Again, from The real effects of debt (PDF, 39 pages) by Stephen G Cecchetti, M S Mohanty and Fabrizio Zampolli (page 10):
Looking at the details, we see that both non-financial corporate and household debt display a statistically and economically significant negative correlation with growth. For corporate debt, a 1 percentage point increase is associated with an approximately 2 basis point reduction in per capita GDP growth. For household debt, the impact is even larger: a 1 percentage point rise in household debt-to-GDP is associated with a 2½ basis point reduction in growth...
For the record, their data evaluates "government, non-financial corporate and household debt in 18 OECD countries from 1980 to 2010." They find private sector debt negatively correlated with economic growth. They report no such finding for public debt.

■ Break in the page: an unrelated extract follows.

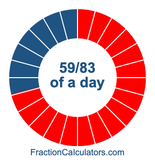 Here we will show you how to calculate exactly how many hours, minutes, and seconds there are in 59/83 of a day. We will also illustrate what 59/83 of a day looks like on a pie chart.

I have shown that increases in debt are associated with declines in growth, as their PDF does. But I have found also that decreases in debt are associated with improvement in growth.
I am happy with the results from the PDF. Oddly, however, Cecchetti et al append this confession:
These results are somewhat surprising, as we do not believe that debt in the generally low range found in our sample is uniformly bad for growth.
I would be more comfortable with their result if they simply said they were interested to see what the relation is, between debt and growth. Instead of approaching the question with preconceived notions.